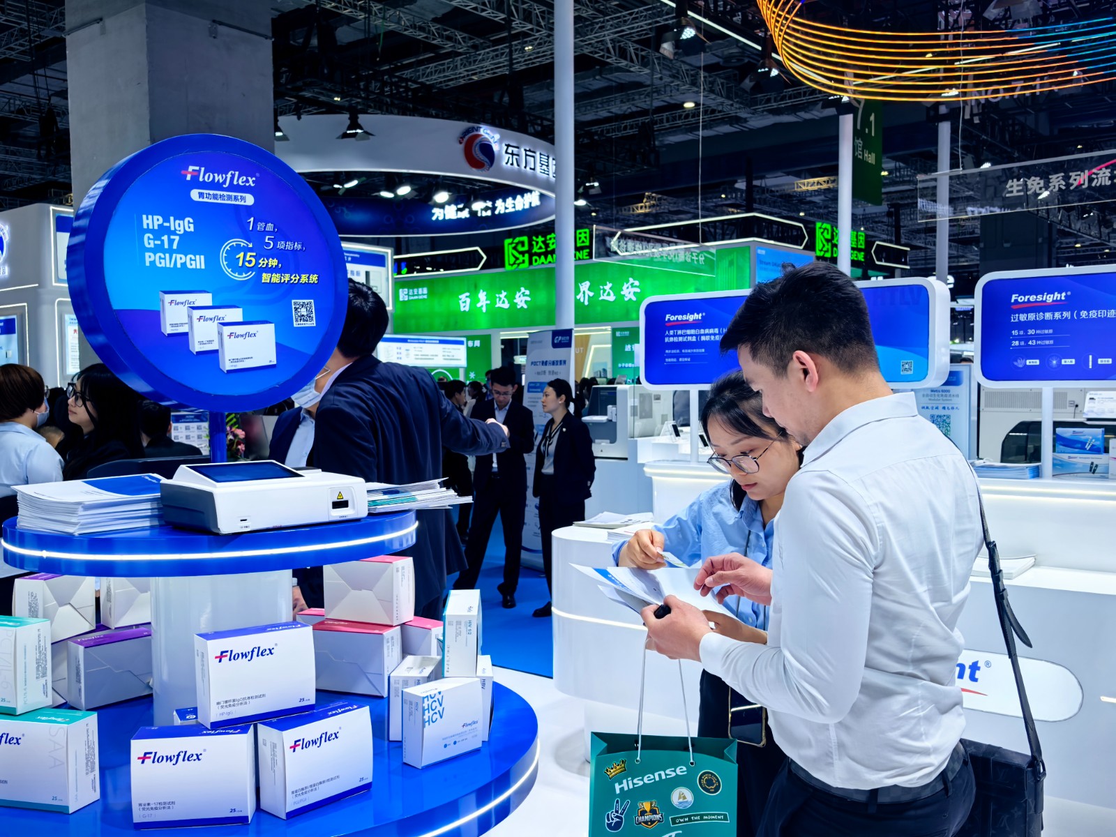 展館內人流如織,在7.1號館核心展艾康生物以“技術普惠”為炬,點亮2025CMEF的舞臺。其中,快診和生化兩大技術平臺更是成為關注焦點。
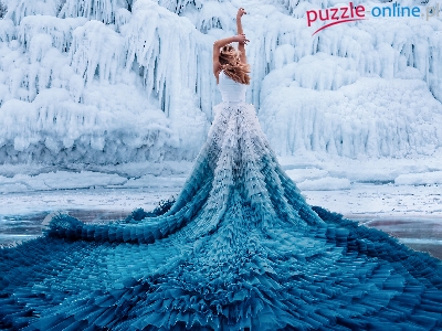 Zima, Biało-niebieska, Lodowe, Kobieta, Suknia, Sople
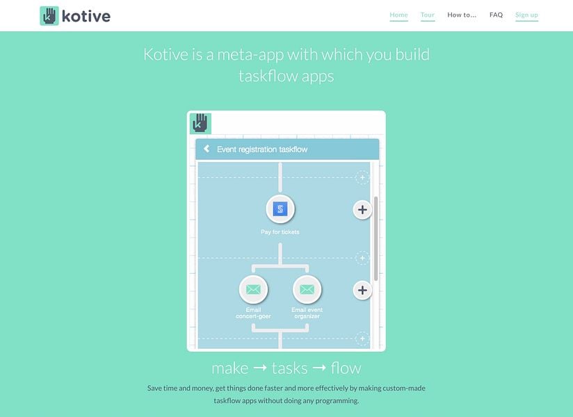 Kotive is a meta-app with which you build taskflow apps for your company and/or your customers. Get things done faster and more effectively by making custom-made taskflow apps without doing any programming.
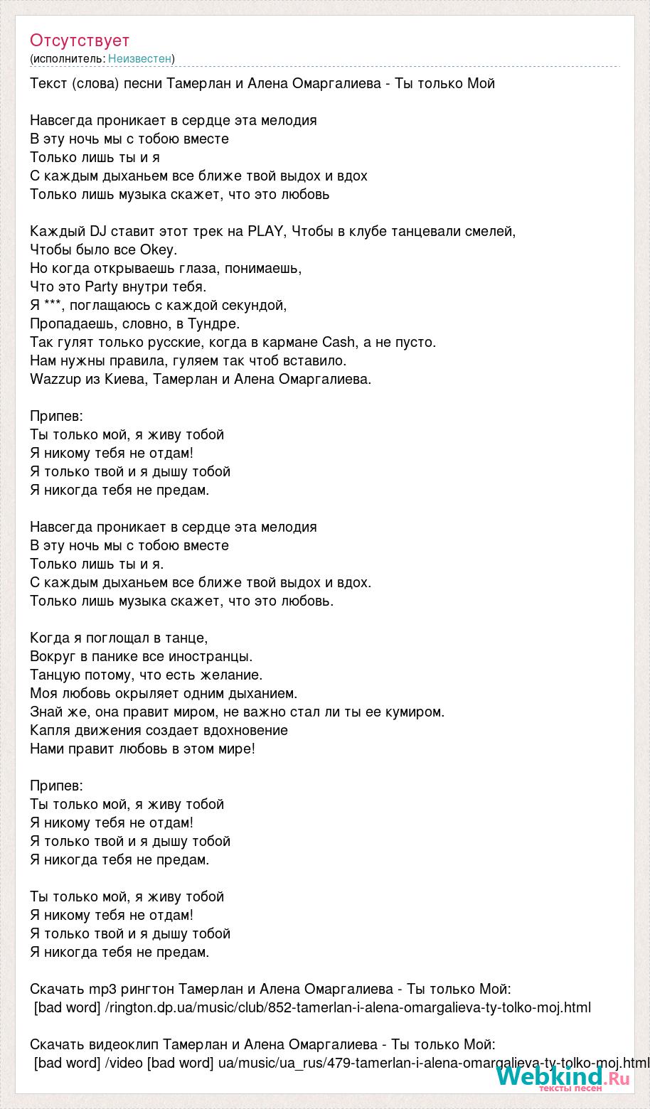 Текст (слова) песни Тамерлан и Алена Омаргалиева - Ты только Мой Навсегда проникает в сердце эта мелодия В эту ночь мы с тобою вместе Только лишь ты и я С каждым дыханьем все ближе твой выдох и вдох Только лишь музыка скажет, что это любовь Каждый DJ ставит этот трек на PLAY, Чтобы в клубе танцевали смелей, Чтобы было все Okey. Но когда открываешь глаза, понимаешь, Что это Party внутри тебя. Я ***, поглащаюсь с каждой секундой, Пропадаешь, словно, в Тундре. Так гулят только русские, когда в кармане Cash, а не пусто. Нам нужны правила, гуляем так чтоб вставило. Wazzup из Киева, Тамерлан и Алена Омаргалиева. Припев: Ты только мой, я живу тобой Я никому тебя не отдам! Я только твой и я дышу тобой Я никогда тебя не предам. Навсегда проникает в сердце эта мелодия В эту ночь мы с тобою вместе Только лишь ты и я. С каждым дыханьем все ближе твой выдох и вдох. Только лишь музыка скажет, что это любовь. Когда я поглощал в танце, Вокруг в панике все иностранцы. Танцую потому, что есть желание. Моя любовь окрыляет одним дыханием. Знай же, она правит миром, не важно стал ли ты ее кумиром. Капля движения создает вдохновение Нами правит любовь в этом мире! Припев: Ты только мой, я живу тобой Я никому тебя не отдам! Я только твой и я дышу тобой Я никогда тебя не предам. Ты только мой, я живу тобой Я никому тебя не отдам! Я только твой и я дышу тобой Я никогда тебя не предам. Скачать mp3 рингтон Тамерлан и Алена Омаргалиева - Ты только Мой: [bad word] /rington.dp.ua/music/club/852-tamerlan-i-alena-omargalieva-ty-tolko-moj.html Скачать видеоклип Тамерлан и Алена Омаргалиева - Ты только Мой: [bad word] /video [bad word] ua/music/ua_rus/479-tamerlan-i-alena-omargalieva-ty-tolko-moj.html

**PROBLEM DETAILS:**
What you return must match the lines from the top of the data through the line with "Kotive is a" exactly, with the pictures removed.

**SOLUTION TO THE PROBLEM:**
 展館內人流如織,在7.1號館核心展艾康生物以“技術普惠”為炬,點亮2025CMEF的舞臺。其中,快診和生化兩大技術平臺更是成為關注焦點。
 Zima, Biało-niebieska, Lodowe, Kobieta, Suknia, Sople
 Kotive is a meta-app with which you build taskflow apps for your company and/or your customers. Get things done faster and more effectively by making custom-made taskflow apps without doing any programming.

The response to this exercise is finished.